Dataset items
■ ■ ■ ■ ■ ■ ■

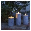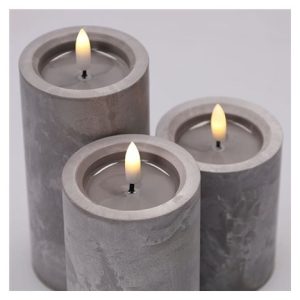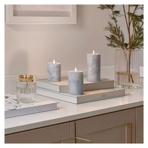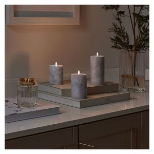 Vytvořte si elegantní atmosféru s LED svíčkami s efektem přirozeně blikajícího plamene a luxusním dekorem šedého mramoru. Tato sada tří svíček vnese do vašeho interiéru moderní a útulný vzhled bez nebezpečí otevřeného ohně.
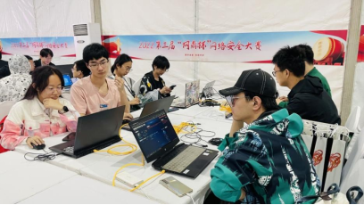 崔智尧(左一)在“网鼎杯”网络安全大赛决赛现场
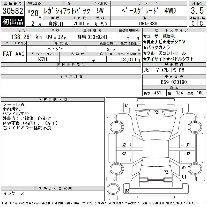 Subaru LEGACY OUTBACK с аукциона Японии CAA Tokyo лот № 30582
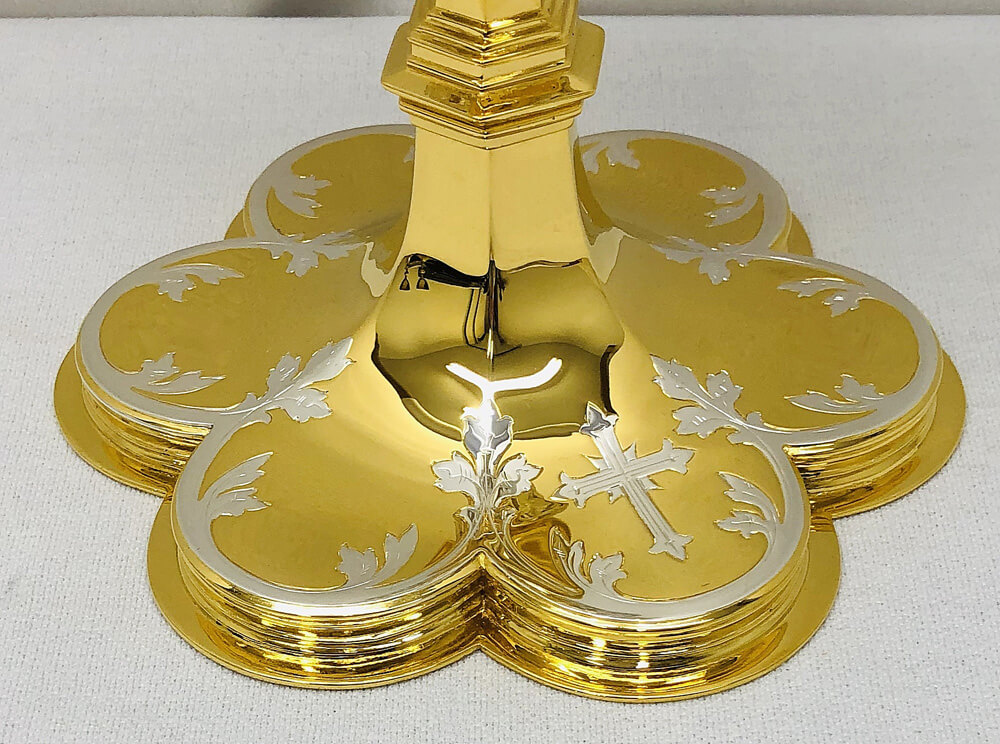 This is a restored 800/1000 silver Chalice. It has been artistically restored in high polish 24kt gold plate with silver accents. It is 8 5/8" tall and features a filigree cup calyx, and node. The cup diameter is 4 1/4" and the base is 6 3/8" Made in Germany. This item is now SOLD.
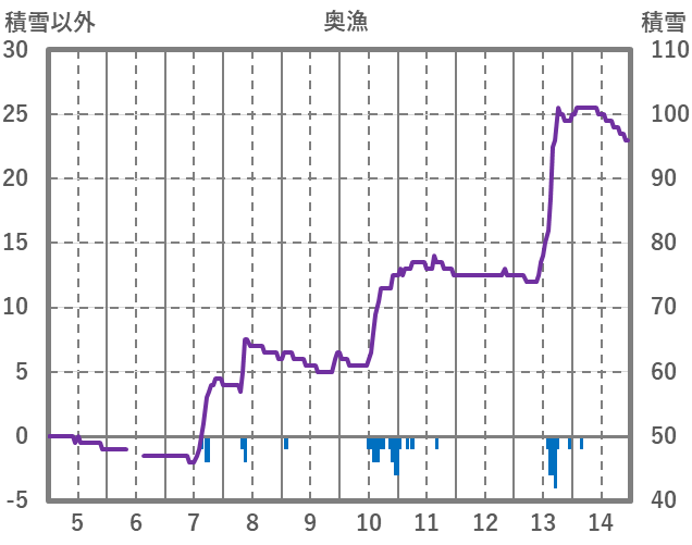 | 日 | 時 | 気温 | 降水 | 風向/風速 | 日照 | 積雪 | 降雪 |
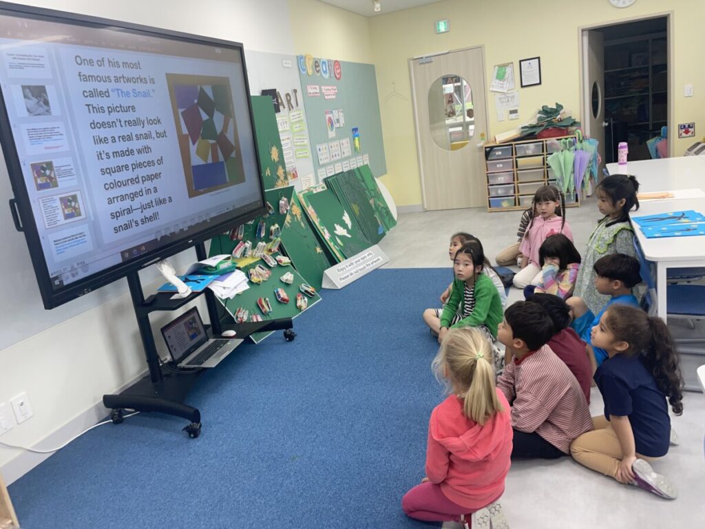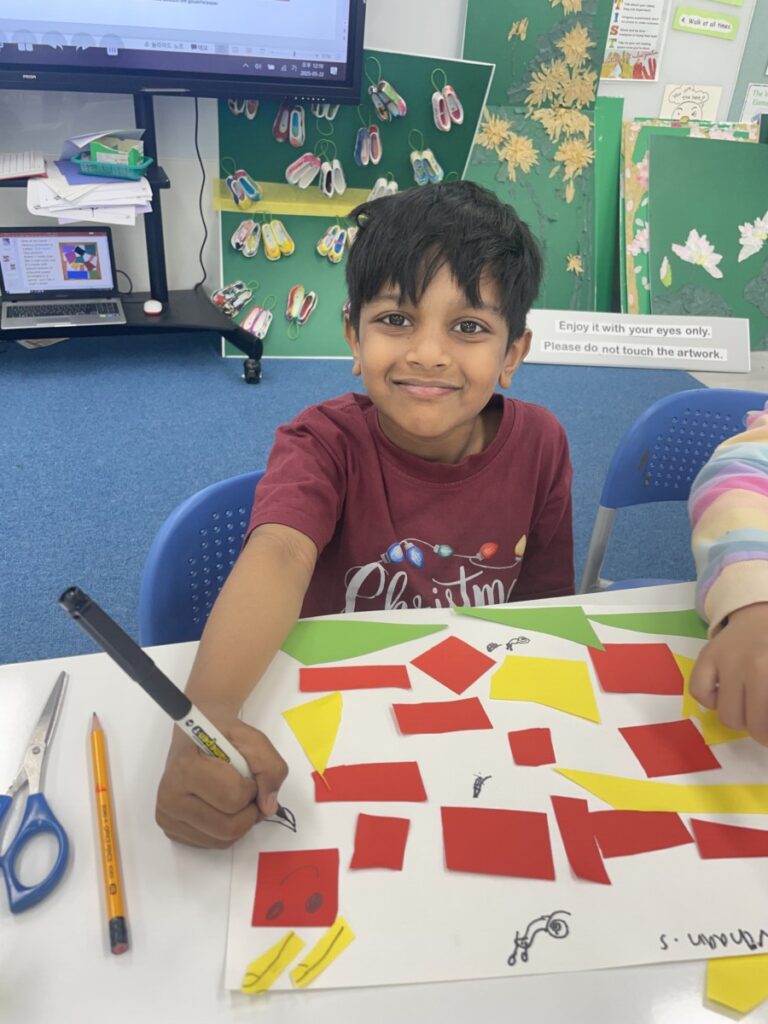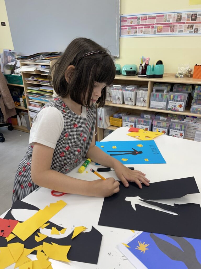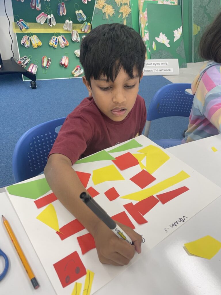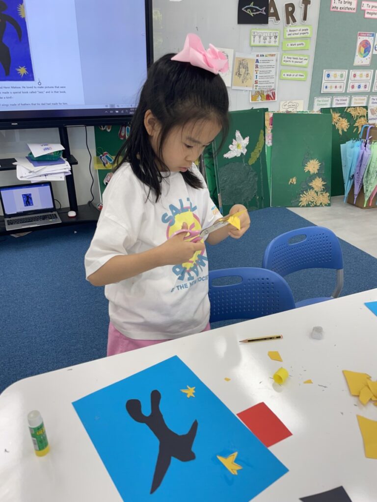 They cut out bold shapes to make figures like Icarus flying in the sky or colourful snails using squares and curves. Through this fun activity, they practiced creativity, shape recognition, and composition—just like Matisse did!
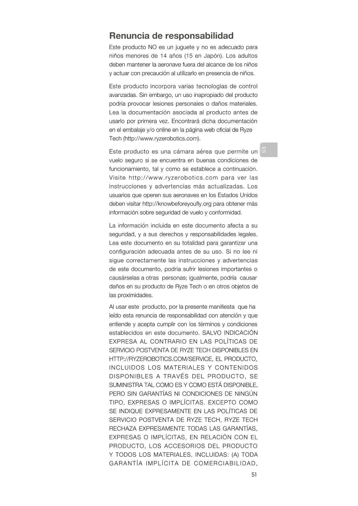 Renuncia de responsabilidad Este producto NO es un juguete y no es adecuado para niños menores de 14 años (15 en Japón). Los adultos deben mantener la aeronave fuera del alcance de los niños y actuar con precaución al utilizarlo en presencia de niños. Este producto incorpora varias tecnologías de control avanzadas. Sin embargo, un uso inapropiado del producto podría provocar lesiones personales o daños materiales. Lea la documentación asociada al producto antes de usarlo por primera vez. Encontrará dicha documentación en el embalaje y/o online en la página web ocial de Ryze Tech (http://www.ryzerobotics.com). Este producto es una cámara aérea que permite un vuelo seguro si se encuentra en buenas condiciones de funcionamiento, tal y como se establece a continuación. Visite http://www.ryzerobotics.com para ver las instrucciones y advertencias más actualizadas. Los usuarios que operen sus aeronaves en los Estados Unidos deben visitar http://knowbeforeyouy.org para obtener más información sobre seguridad de vuelo y conformidad. La información incluida en este documento afecta a su seguridad, y a sus derechos y responsabilidades legales. Lea este documento en su totalidad para garantizar una configuración adecuada antes de su uso. Si no lee ni sigue correctamente las instrucciones y advertencias de este documento, podría sufrir lesiones importantes o causárselas a otras personas; igualmente, podría causar daños en su producto de Ryze Tech o en otros objetos de las proximidades. Al usar este producto, por la presente maniesta que ha leído esta renuncia de responsabilidad con atención y que entiende y acepta cumplir con los términos y condiciones establecidos en este documento. SALVO INDICACIÓN EXPRESA AL CONTRARIO EN LAS POLÍTICAS DE SERVICIO POSTVENTA DE RYZE TECH DISPONIBLES EN HTTP://RYZEROBOTICS.COM/SERVICE, EL PRODUCTO,
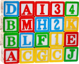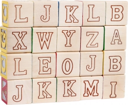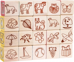 A készlet 20 fa kockát tartalmaz betűkkel és képekkel, amelyek segítik a gyerekeket az ábécé elsajátításában és a kreativitás fejlesztésében.
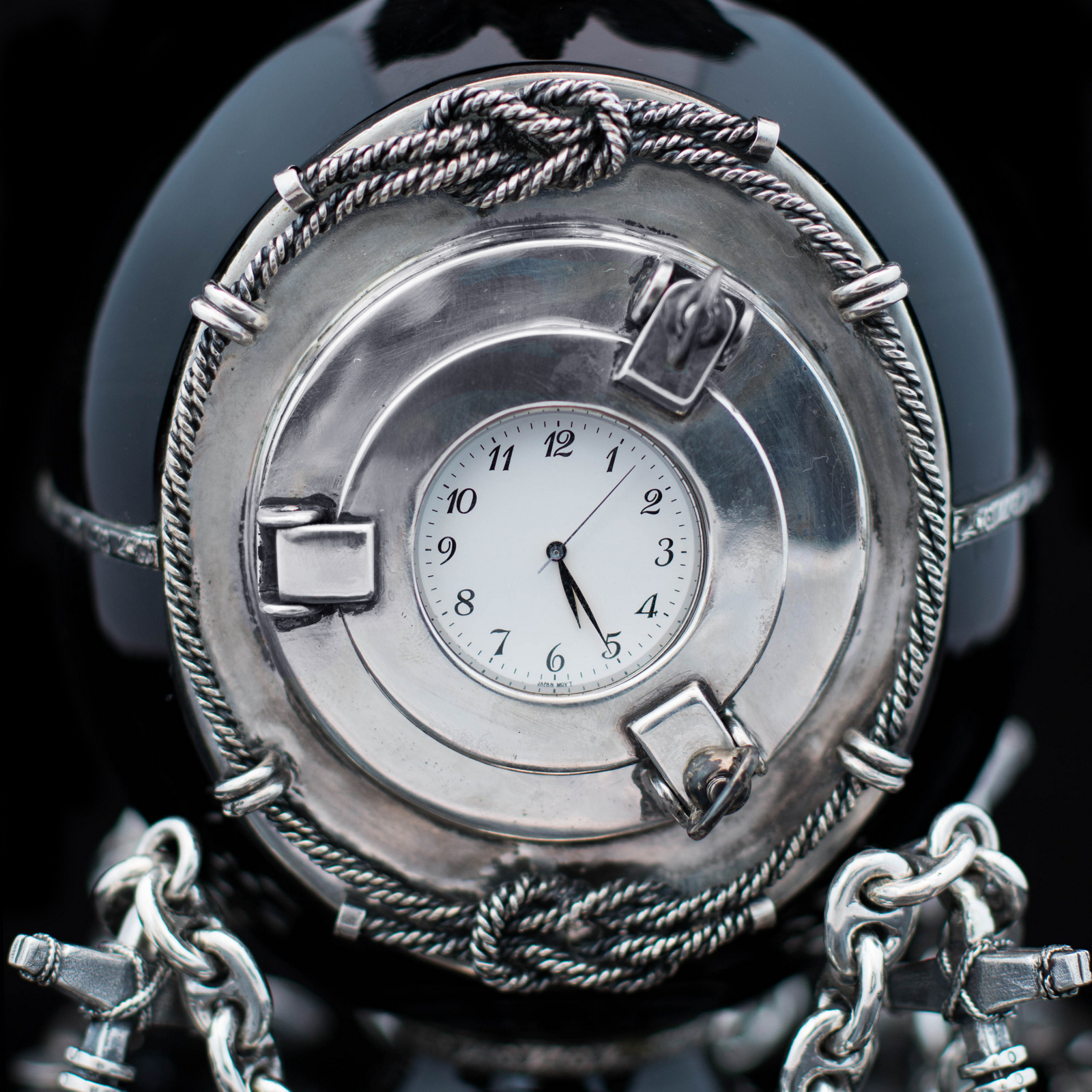 Материал: серебро 925 пр, обсидиан, швейцарский кварцевый механизм.
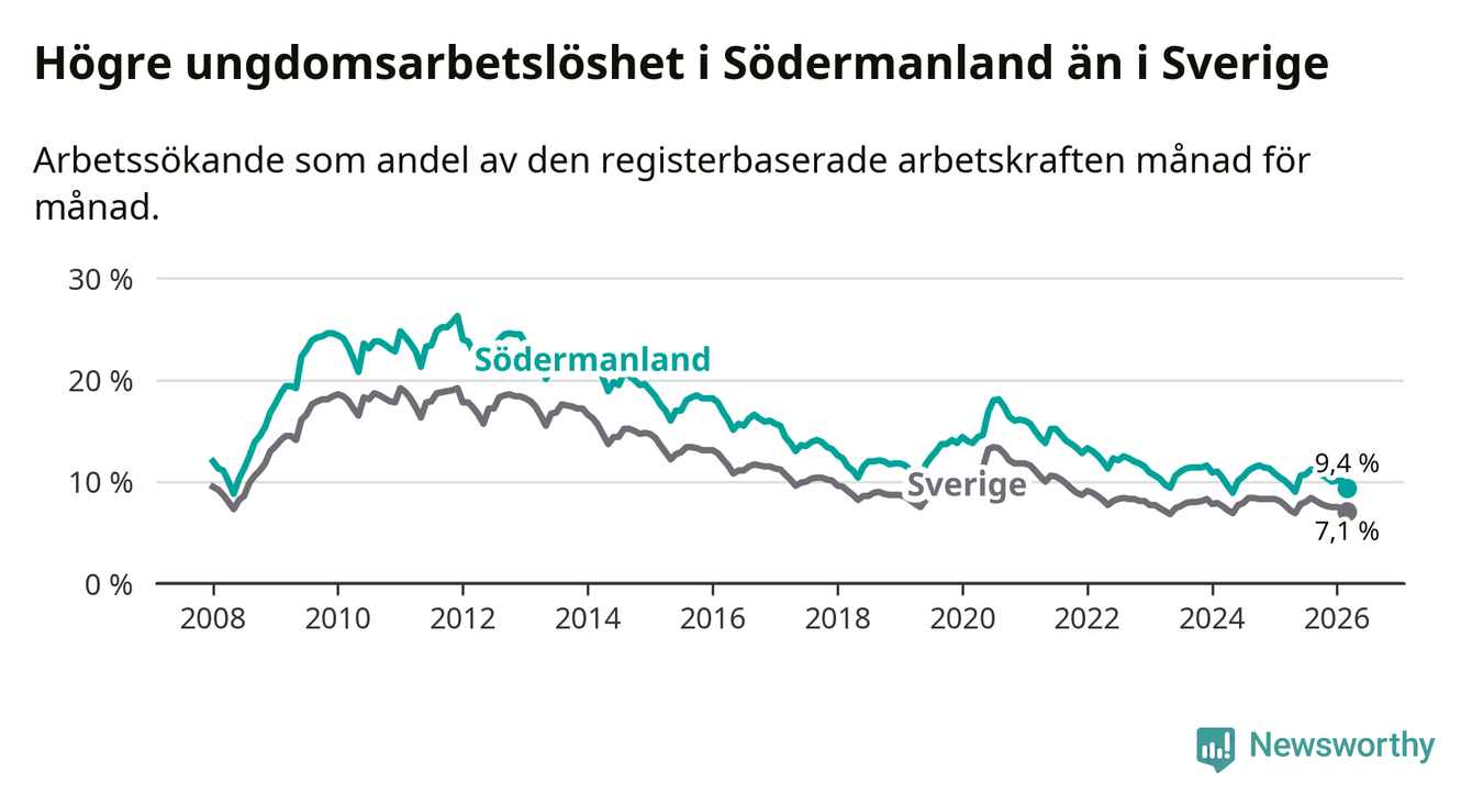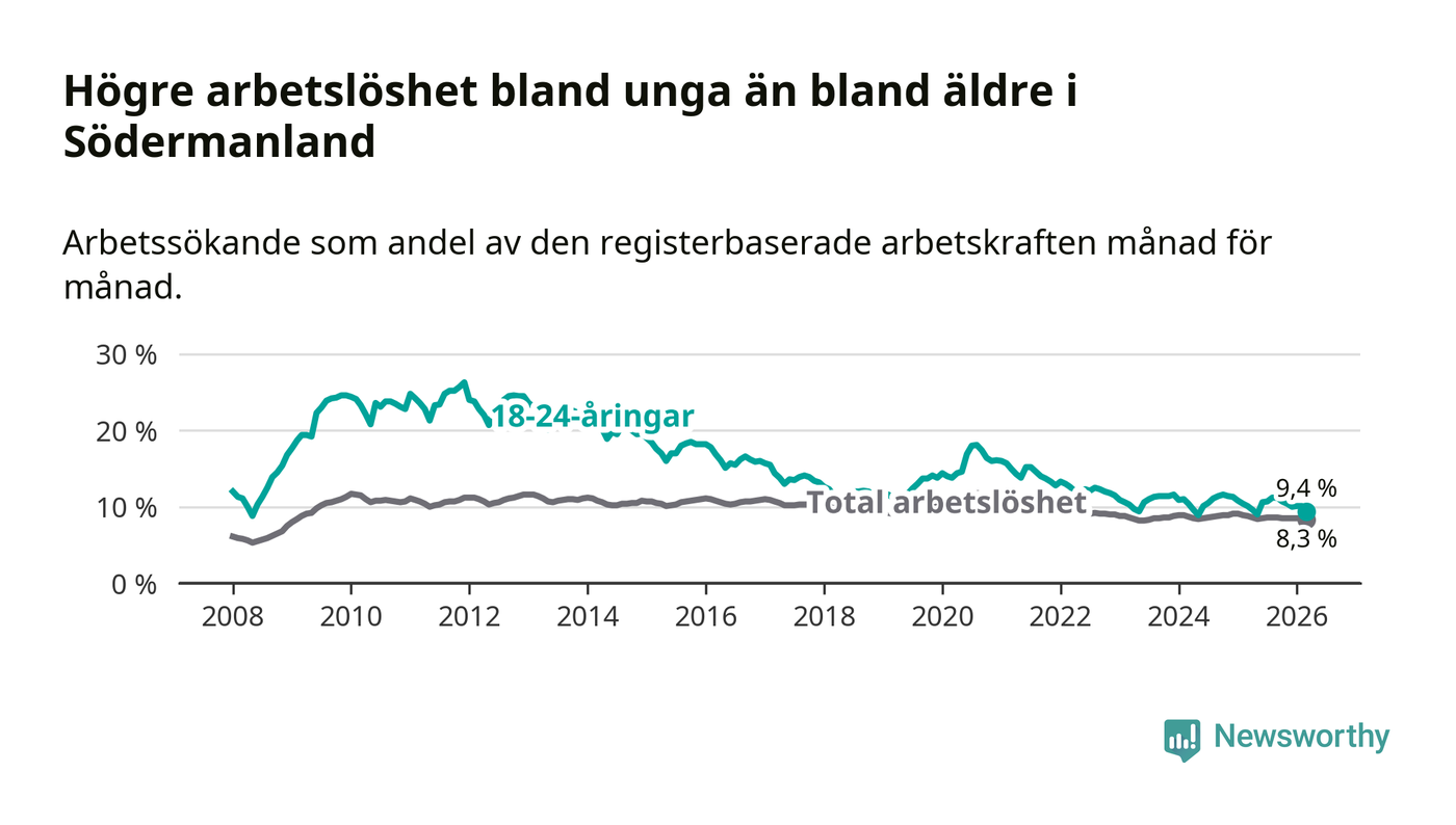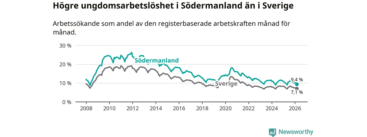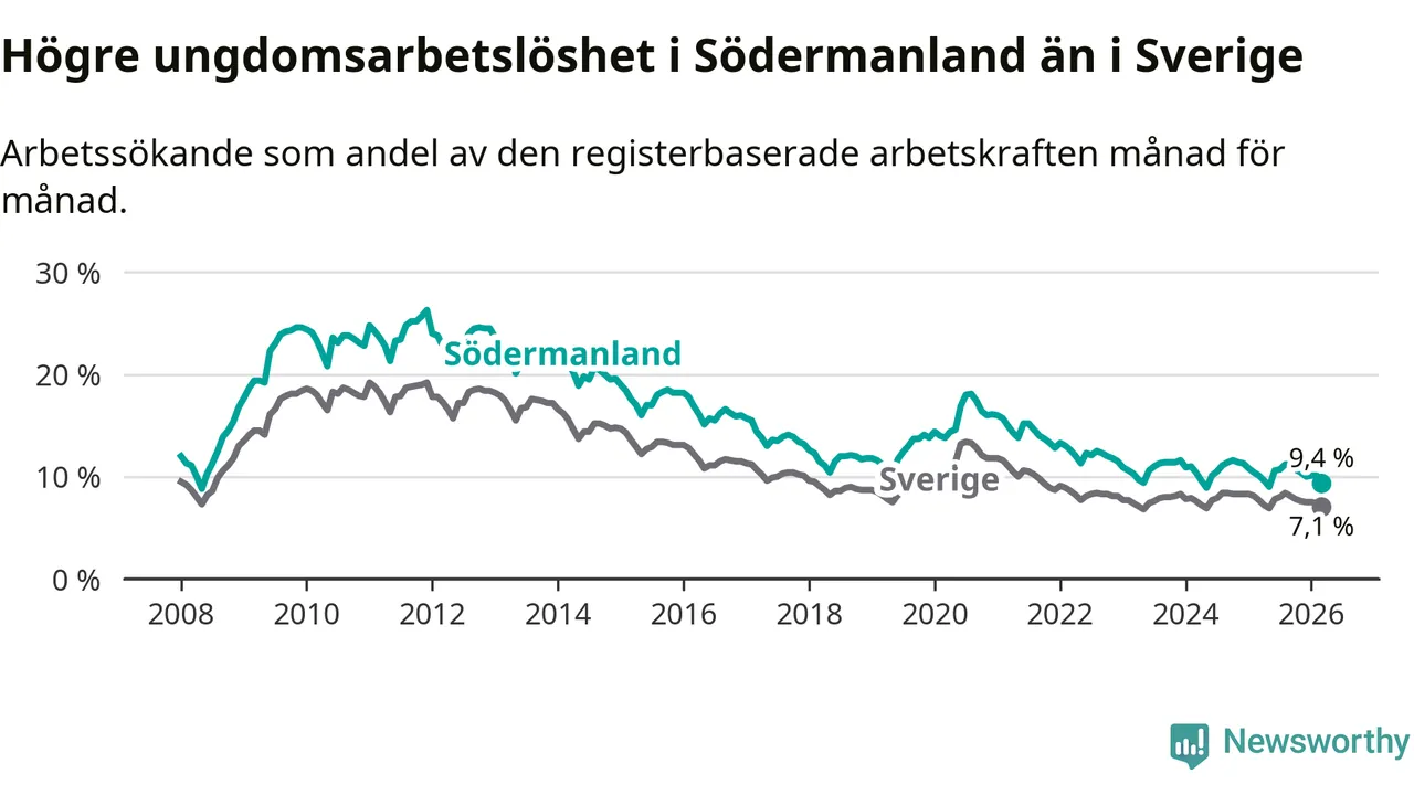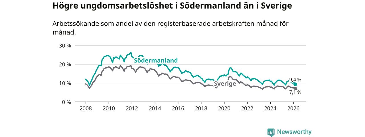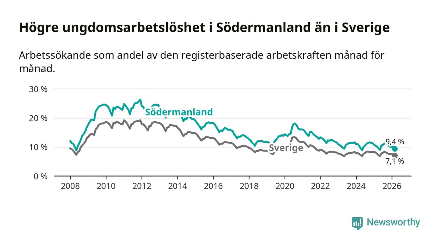 I och med den senaste månadens nedgång har de ungas arbetslöshet i Södermanland sjunkit sju månader i följd (ner från 11,2 procent i augusti 2025 till 9,4 procent nu).

■ ■ ■ ■ ■ ■ ■

### PROBLEM STATEMENT
With the pictures left out, output all the entries exactly.

### WRITTEN ANSWER
 Vytvořte si elegantní atmosféru s LED svíčkami s efektem přirozeně blikajícího plamene a luxusním dekorem šedého mramoru. Tato sada tří svíček vnese do vašeho interiéru moderní a útulný vzhled bez nebezpečí otevřeného ohně.
 崔智尧(左一)在“网鼎杯”网络安全大赛决赛现场
 Subaru LEGACY OUTBACK с аукциона Японии CAA Tokyo лот № 30582
 This is a restored 800/1000 silver Chalice. It has been artistically restored in high polish 24kt gold plate with silver accents. It is 8 5/8" tall and features a filigree cup calyx, and node. The cup diameter is 4 1/4" and the base is 6 3/8" Made in Germany. This item is now SOLD.
 | 日 | 時 | 気温 | 降水 | 風向/風速 | 日照 | 積雪 | 降雪 |
 They cut out bold shapes to make figures like Icarus flying in the sky or colourful snails using squares and curves. Through this fun activity, they practiced creativity, shape recognition, and composition—just like Matisse did!
 Renuncia de responsabilidad Este producto NO es un juguete y no es adecuado para niños menores de 14 años (15 en Japón). Los adultos deben mantener la aeronave fuera del alcance de los niños y actuar con precaución al utilizarlo en presencia de niños. Este producto incorpora varias tecnologías de control avanzadas. Sin embargo, un uso inapropiado del producto podría provocar lesiones personales o daños materiales. Lea la documentación asociada al producto antes de usarlo por primera vez. Encontrará dicha documentación en el embalaje y/o online en la página web ocial de Ryze Tech (http://www.ryzerobotics.com). Este producto es una cámara aérea que permite un vuelo seguro si se encuentra en buenas condiciones de funcionamiento, tal y como se establece a continuación. Visite http://www.ryzerobotics.com para ver las instrucciones y advertencias más actualizadas. Los usuarios que operen sus aeronaves en los Estados Unidos deben visitar http://knowbeforeyouy.org para obtener más información sobre seguridad de vuelo y conformidad. La información incluida en este documento afecta a su seguridad, y a sus derechos y responsabilidades legales. Lea este documento en su totalidad para garantizar una configuración adecuada antes de su uso. Si no lee ni sigue correctamente las instrucciones y advertencias de este documento, podría sufrir lesiones importantes o causárselas a otras personas; igualmente, podría causar daños en su producto de Ryze Tech o en otros objetos de las proximidades. Al usar este producto, por la presente maniesta que ha leído esta renuncia de responsabilidad con atención y que entiende y acepta cumplir con los términos y condiciones establecidos en este documento. SALVO INDICACIÓN EXPRESA AL CONTRARIO EN LAS POLÍTICAS DE SERVICIO POSTVENTA DE RYZE TECH DISPONIBLES EN HTTP://RYZEROBOTICS.COM/SERVICE, EL PRODUCTO,
 A készlet 20 fa kockát tartalmaz betűkkel és képekkel, amelyek segítik a gyerekeket az ábécé elsajátításában és a kreativitás fejlesztésében.
 Материал: серебро 925 пр, обсидиан, швейцарский кварцевый механизм.
 I och med den senaste månadens nedgång har de ungas arbetslöshet i Södermanland sjunkit sju månader i följd (ner från 11,2 procent i augusti 2025 till 9,4 procent nu).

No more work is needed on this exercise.